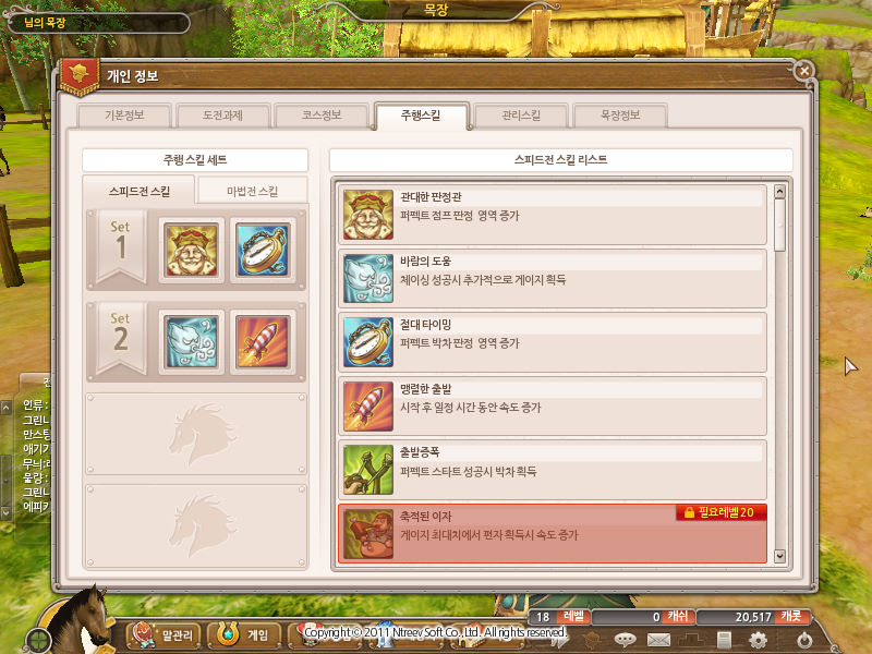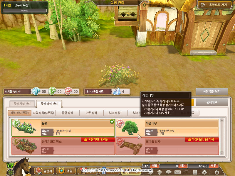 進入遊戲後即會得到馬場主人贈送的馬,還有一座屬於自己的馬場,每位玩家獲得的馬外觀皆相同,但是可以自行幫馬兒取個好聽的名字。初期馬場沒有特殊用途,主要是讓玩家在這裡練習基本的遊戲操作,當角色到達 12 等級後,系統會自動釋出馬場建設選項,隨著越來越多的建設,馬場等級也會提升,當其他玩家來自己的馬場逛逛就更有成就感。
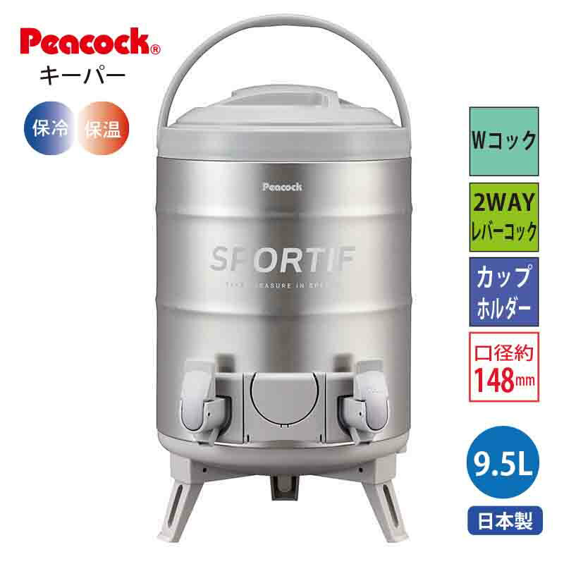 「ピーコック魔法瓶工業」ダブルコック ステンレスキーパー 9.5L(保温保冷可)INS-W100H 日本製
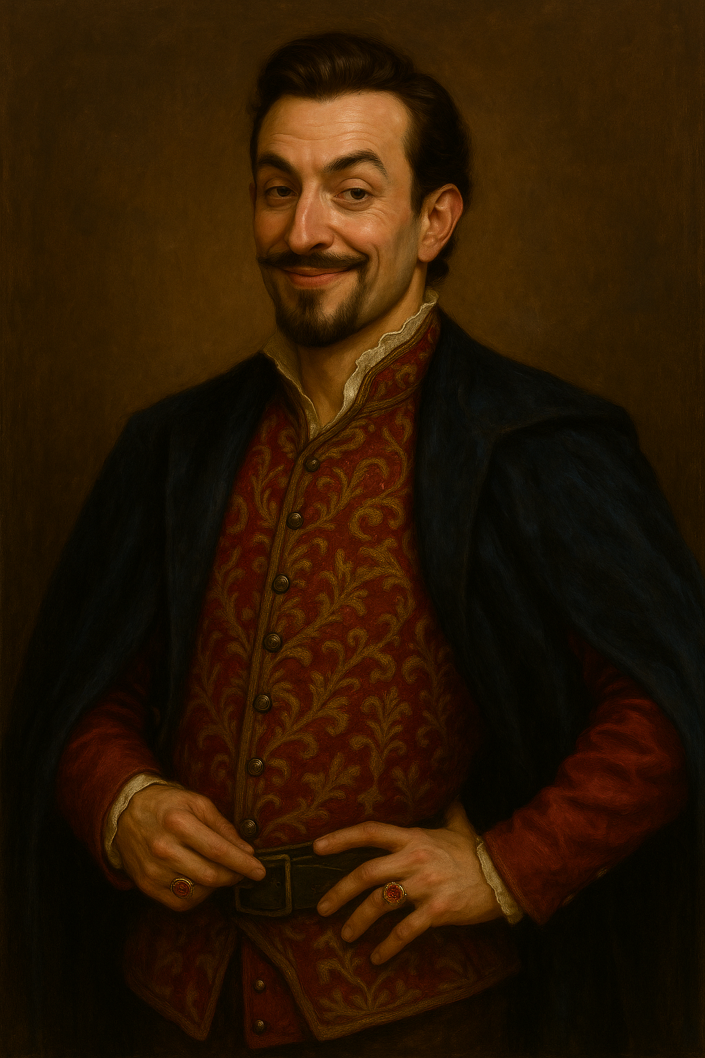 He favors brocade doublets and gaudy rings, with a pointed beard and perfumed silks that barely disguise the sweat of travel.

*EXERCISE*
Drop the images and copy all the data exactly.

*REPLY TO THE TASK*
 進入遊戲後即會得到馬場主人贈送的馬,還有一座屬於自己的馬場,每位玩家獲得的馬外觀皆相同,但是可以自行幫馬兒取個好聽的名字。初期馬場沒有特殊用途,主要是讓玩家在這裡練習基本的遊戲操作,當角色到達 12 等級後,系統會自動釋出馬場建設選項,隨著越來越多的建設,馬場等級也會提升,當其他玩家來自己的馬場逛逛就更有成就感。
 「ピーコック魔法瓶工業」ダブルコック ステンレスキーパー 9.5L(保温保冷可)INS-W100H 日本製
 He favors brocade doublets and gaudy rings, with a pointed beard and perfumed silks that barely disguise the sweat of travel.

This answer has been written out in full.